*WHAT YOU NEED TO DO*: Among the entries below, copy only the span from the line containing "Почніть з 4-8.оскільки" through the line containing "山形県(庄内) 山形県鶴岡市 小型電子部品の製造 時給1,220円". Do so exactly, and skip the pictures.

*PROVIDED DATA*:

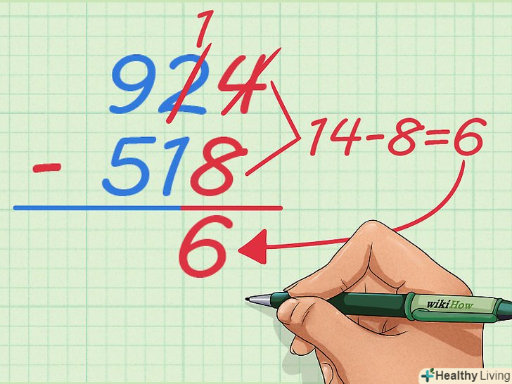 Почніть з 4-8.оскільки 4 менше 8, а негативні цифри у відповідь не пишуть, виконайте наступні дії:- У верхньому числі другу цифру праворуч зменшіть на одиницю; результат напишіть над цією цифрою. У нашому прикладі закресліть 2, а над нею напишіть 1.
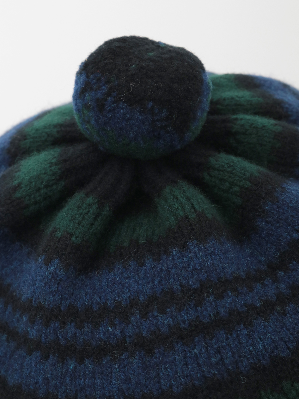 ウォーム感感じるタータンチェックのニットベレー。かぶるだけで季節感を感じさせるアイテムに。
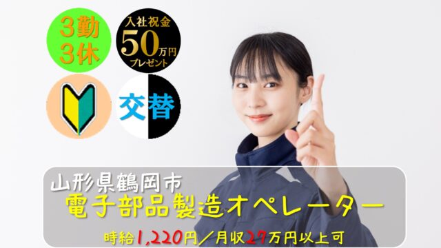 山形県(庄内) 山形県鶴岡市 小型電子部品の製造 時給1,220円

--

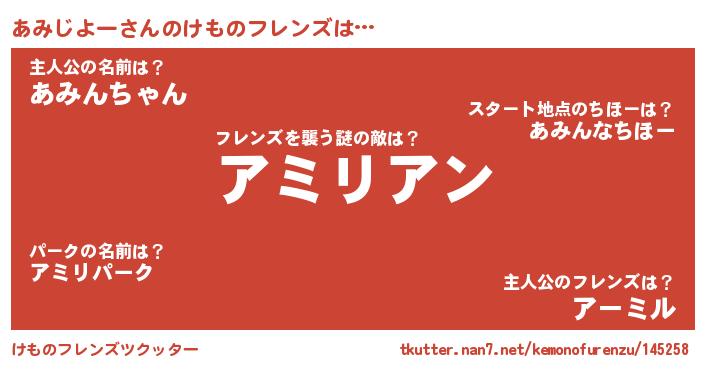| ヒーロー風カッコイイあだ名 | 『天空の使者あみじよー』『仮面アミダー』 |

*SOLUTION*:
 Почніть з 4-8.оскільки 4 менше 8, а негативні цифри у відповідь не пишуть, виконайте наступні дії:- У верхньому числі другу цифру праворуч зменшіть на одиницю; результат напишіть над цією цифрою. У нашому прикладі закресліть 2, а над нею напишіть 1.
 ウォーム感感じるタータンチェックのニットベレー。かぶるだけで季節感を感じさせるアイテムに。
 山形県(庄内) 山形県鶴岡市 小型電子部品の製造 時給1,220円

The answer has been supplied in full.